WESTPORT, Conn. — “If you knew what was coming, you could have made a pretty penny,” Jacob Meisel told the Westport Sunrise Rotary in his wide-ranging talk about weather, public policy and financial markets last Friday.

Jacob Meisel, a 19-year-old from Westport headed to his junior year at Harvard, tells the Westport Sunrise Rotary how he makes money by forecasting the weather.

Jacob Meisel, a 19-year-old from Westport headed to his junior year at Harvard, tells the Westport Sunrise Rotary how he makes money by forecasting the weather.

Photo Credit: Hal Levy

Natural gas suppliers use weather models to forecast demand. And if call it right, you make money, Meisel said.

He began by telling the Sunrise Rotary that meteorology is “more of an art than a science” and that “computers are always going to be wrong." But he said a person can make a difference when it comes to forecasting the weather.  

“You need human intuition to really understand what’s going on, and that’s I’ve focused on,” Meisel said. 
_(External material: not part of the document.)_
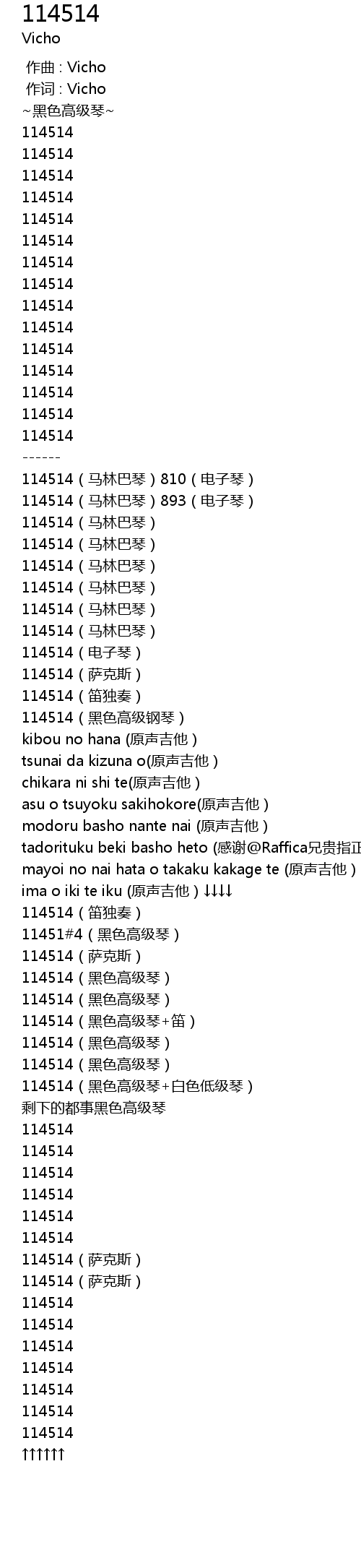 | [00:22.647] | 114514(马林巴琴)810(电子琴) |

Meisel is a meteorologist and a graduate of Staples High School. This fall, he’ll be a junior at Harvard, where he's studying “how we can apply" the more meaningful weather forecasts "to the average person’s life.” 
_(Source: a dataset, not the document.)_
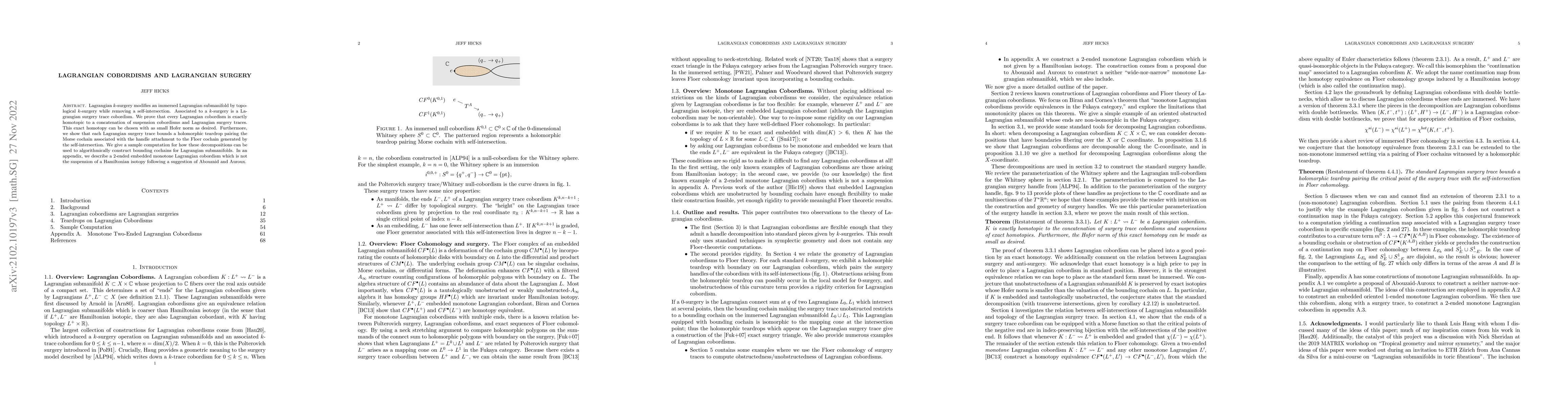 This paper explores Lagrangian $k$-surgery, demonstrating that any Lagrangian cobordism can be exactly homotopically decomposed into suspension cobordisms and Lagrangian surgery traces, with minimal Hofer norm. It also establishes a pairing between Morse and Floer cochains through these surgeries, providing an algorithmic method for constructing bounding cochains. An appendix presents a non-suspended embedded Lagrangian cobordism.

And he’s an entrepreneur and financial analyst who provides advice on temperature change to natural gas buyers and sellers.

Meisel became interested in meteorology as a youngster in Los Angeles — where today’s weather is most likely tomorrow’s weather. But when his family moved to Westport, he dove in. As an eighth-grader, Meisel said he “looked at his first weather model.” 

He started his first business, swctweather.com, while in high school. He told subscribers whether schools would be close and what time a storm would make landfall — the things that matter to people.

As a Staples senior, Meisel added to his following by predicting landfall for Hurricane Sandy nine days before it hit, then backed it with similarly accurate winter snowstorm forecasts.

At Harvard, he’s a social studies major, pursuing a course of study that combines meteorology with economics and public policy.

“We as a society have to take weather more seriously. … The devastation of the New Jersey shore could have been preventable,” he said. But current legislation and insurance regulation favor economic development of these exposed areas, he said.

This summer, Meisel started another business, Bespoke Weather Services, where he’s focusing on the natural gas market, the one driven most by weather.

“I’m 19 years old, I’m just learning the business," he said. "But so far the service has been pretty successful as we’ve called almost all the moves in the natural gas market, both short- and long-term.”